And so many people who have walked away from the church have said the church was hostile to my questions. So it's like, I think we want to be encouraged that sometimes you don't even have to have all the answers. Encouraging them to ask the questions is going to at least take away some of that, you know, it just kind of takes the wind out of the intensity of it. So encouraging the questions first and then maybe having a book. This is one of the things that I would love to do is have a book where if we get a really good question, let's go write it down in the book. And then we're going to spend some time as a family sometimes researching this or finding a book that we want to read together. Like, maybe we notice a bunch of these questions have a similar theme. Okay, well, let's crowdsource to see if there's a book out there that answers a lot of these and so start going through that together. And so it's having that follow through, but you don't have to have all the answers right away.
So there's that. And there's also if they're young enough, and this is like if you get it young enough presenting the question before they have the question where they go, Oh, yeah, I guess that's a good question. So say like Natasha Crane's books are great for that because it has a ton of different questions and discussion guides that you can go through where you start doing that as a family and you actually preempt some of the questions. So parents need to know that you don't always have to have the answer right off the bat just encouraging the question itself that creates a safe and opening environment for your child's faith to grow. I think that's such a good idea to sit at the table and even especially as your kids get older.

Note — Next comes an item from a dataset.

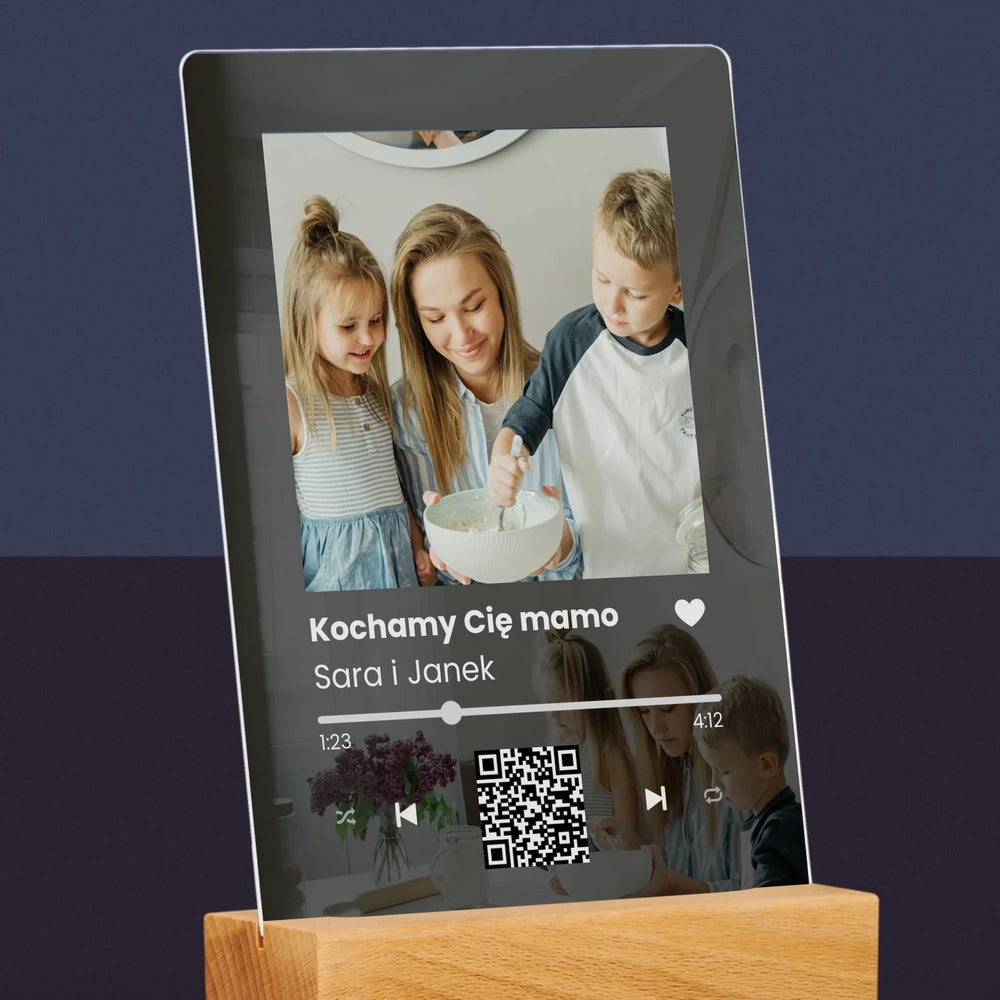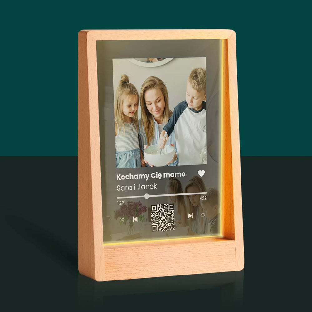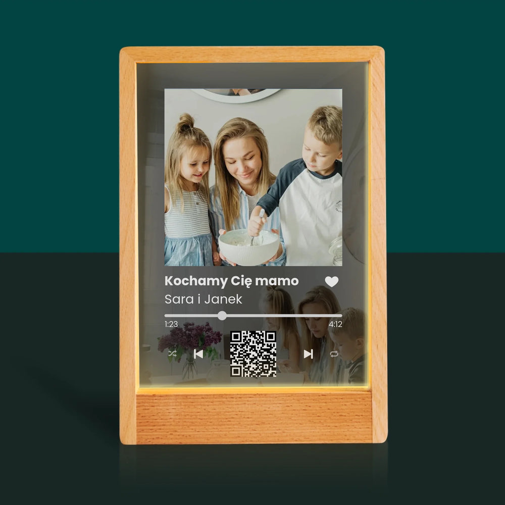 Zdjęcie I Podpis: Spotify Z Kodem Qr Dla Mamy - Wydruk na szkle akrylowym w ramce LED

What are the questions you have about the Bible about God? Let's just talk about those. And I like the idea of writing them in the book because your kids would think, oh, they're taking like this is for real. Yeah, they're taking this seriously. Yeah. And we're going to talk about it. And they're not saying they know all the answers, but they're saying like, let's research that.
Let's find out more. I think that that's a great posture because it's teaching our families and kids how to become biblical thinkers. And I think that's really important. Yeah, and one of the questions that I think a lot of parents have is are kids walking away? You know, you hear that our kids are growing up in our homes and maybe going to youth groups and maybe part of our church. And then when they go to college or leave, at least you hear they're all walking away. And I know they're not all walking away, but what is happening?
Yeah. So we're seeing kids, it's like walking away from what? Are they walking away from church or are they walking away from Orthodox Christian belief?
Because I think we would be surprised at how many people who claim to be Christians actually don't believe what the Bible actually teaches. So first off that, and second of all, people notice when they walk away in college, but a lot of times the process started much earlier. And a lot of times somewhere around middle school, middle school and high school is when that process started and they keep going to church because that's what their family does.
That's what their parents do. But mentally, they have already kind of started to distance themselves. And there are some who do return and who do come back. And I think we have all these statistics in chapter one, which I can't remember off the top of my head, but I think especially now we have even more that are leaving. So I think Pew Research just came out for the people who identify as a religious nun, and we're not talking about nun like a Catholic nun, but N-O-N-E, you know, back in 1950 was 3%. And then in the nineties, it went up to, I think 8%.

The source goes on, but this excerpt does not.